Task input:
[Start of section]

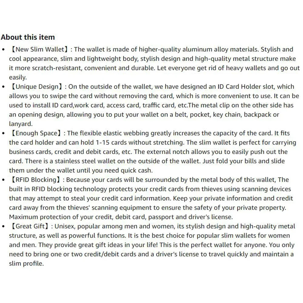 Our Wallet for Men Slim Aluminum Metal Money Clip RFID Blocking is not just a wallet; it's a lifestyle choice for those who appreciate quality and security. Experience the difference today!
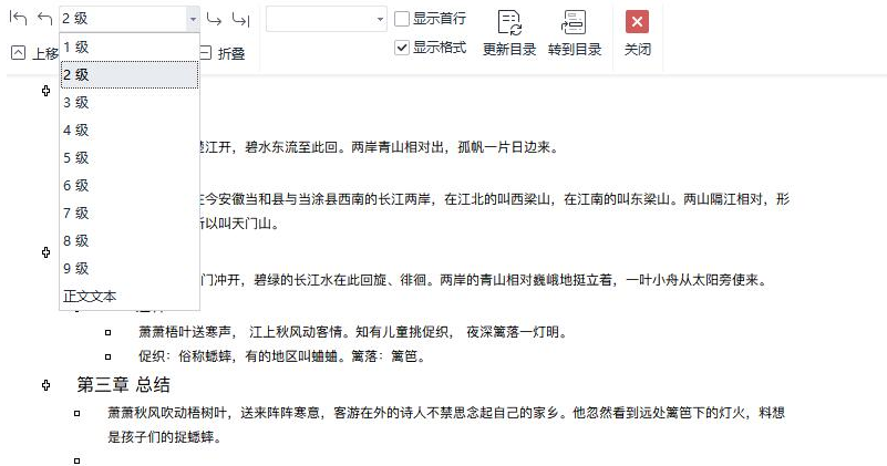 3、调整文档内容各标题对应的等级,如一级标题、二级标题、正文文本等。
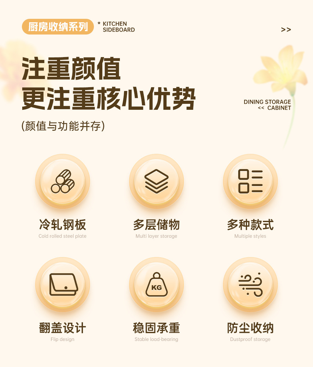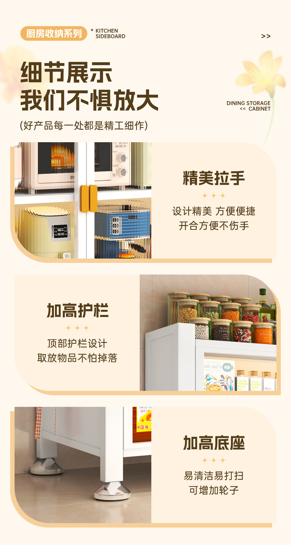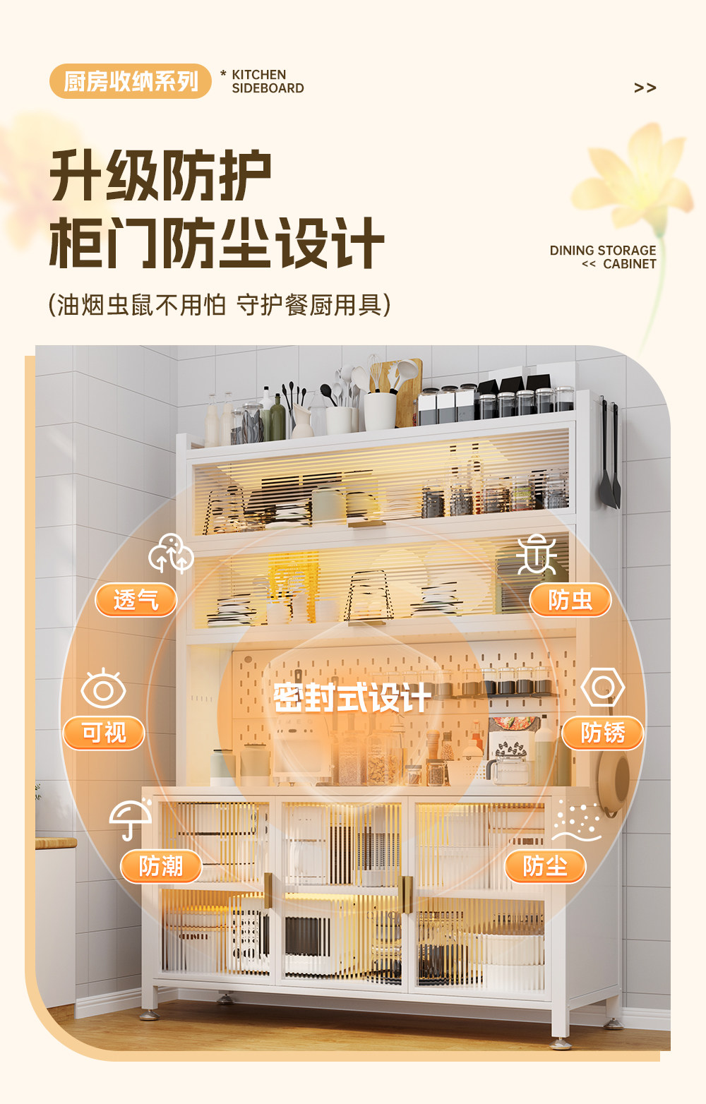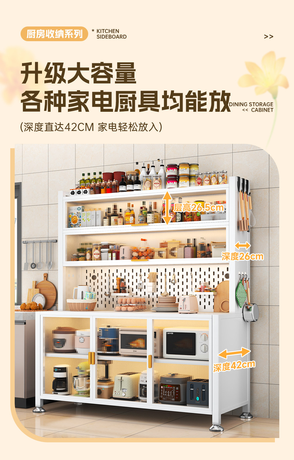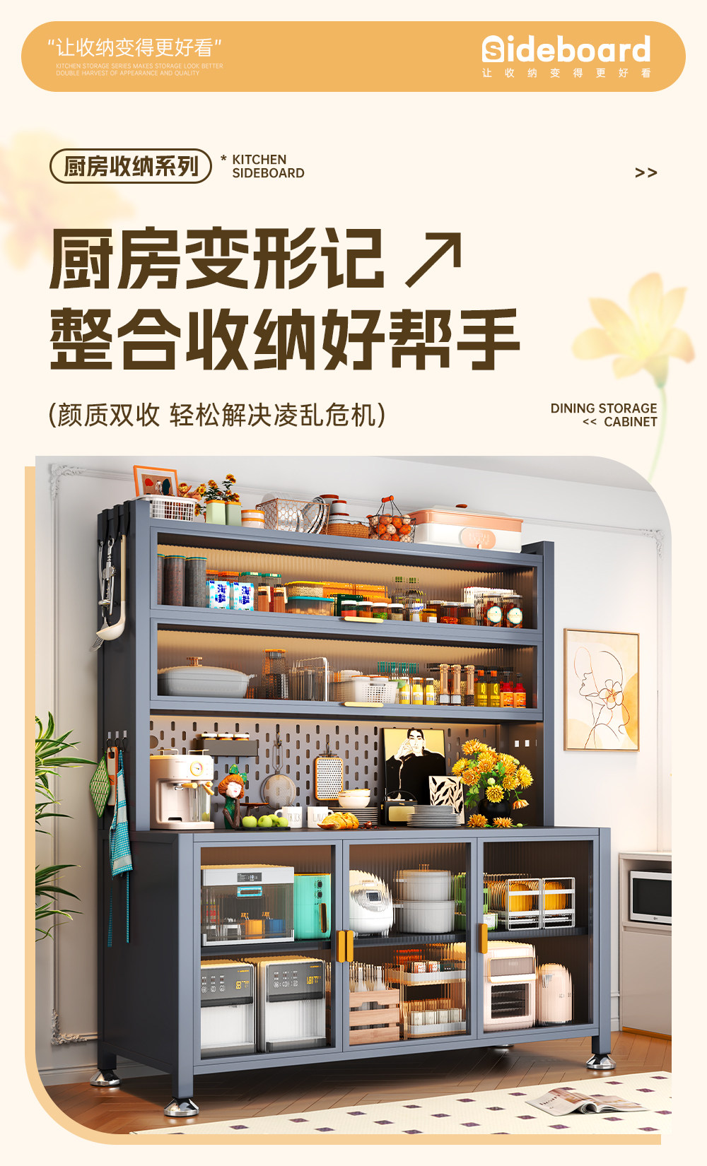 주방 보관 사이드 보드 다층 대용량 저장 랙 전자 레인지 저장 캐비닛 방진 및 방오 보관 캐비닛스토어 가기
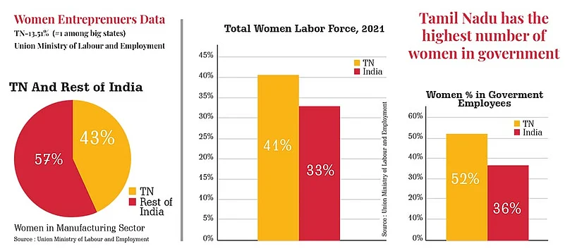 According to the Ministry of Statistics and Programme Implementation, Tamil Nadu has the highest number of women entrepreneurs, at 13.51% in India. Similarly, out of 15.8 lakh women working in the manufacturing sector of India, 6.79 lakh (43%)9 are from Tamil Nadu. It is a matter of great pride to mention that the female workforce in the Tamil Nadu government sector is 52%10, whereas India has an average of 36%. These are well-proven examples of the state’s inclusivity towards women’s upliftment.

[End of section]
[Start of section]

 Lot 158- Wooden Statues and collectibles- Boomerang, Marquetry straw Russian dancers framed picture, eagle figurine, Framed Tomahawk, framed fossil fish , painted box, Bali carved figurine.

[End of section]
[Start of section]

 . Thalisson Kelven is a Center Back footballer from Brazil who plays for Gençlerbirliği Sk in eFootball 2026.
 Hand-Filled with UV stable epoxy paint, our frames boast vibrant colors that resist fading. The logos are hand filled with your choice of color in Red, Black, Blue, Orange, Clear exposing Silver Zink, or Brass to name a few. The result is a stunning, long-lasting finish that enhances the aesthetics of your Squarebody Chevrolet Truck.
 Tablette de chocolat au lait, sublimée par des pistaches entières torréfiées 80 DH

[End of section]

Aim of the task:
Above are the records; return the lines in them from the one with "3、调整文档内容各标题对应的等级,如一级标题、二级标题、正文文本等。" to the one with "According to the", inclusive, exactly and without images.

Answer space:
 3、调整文档内容各标题对应的等级,如一级标题、二级标题、正文文本等。
 주방 보관 사이드 보드 다층 대용량 저장 랙 전자 레인지 저장 캐비닛 방진 및 방오 보관 캐비닛스토어 가기
 According to the Ministry of Statistics and Programme Implementation, Tamil Nadu has the highest number of women entrepreneurs, at 13.51% in India. Similarly, out of 15.8 lakh women working in the manufacturing sector of India, 6.79 lakh (43%)9 are from Tamil Nadu. It is a matter of great pride to mention that the female workforce in the Tamil Nadu government sector is 52%10, whereas India has an average of 36%. These are well-proven examples of the state’s inclusivity towards women’s upliftment.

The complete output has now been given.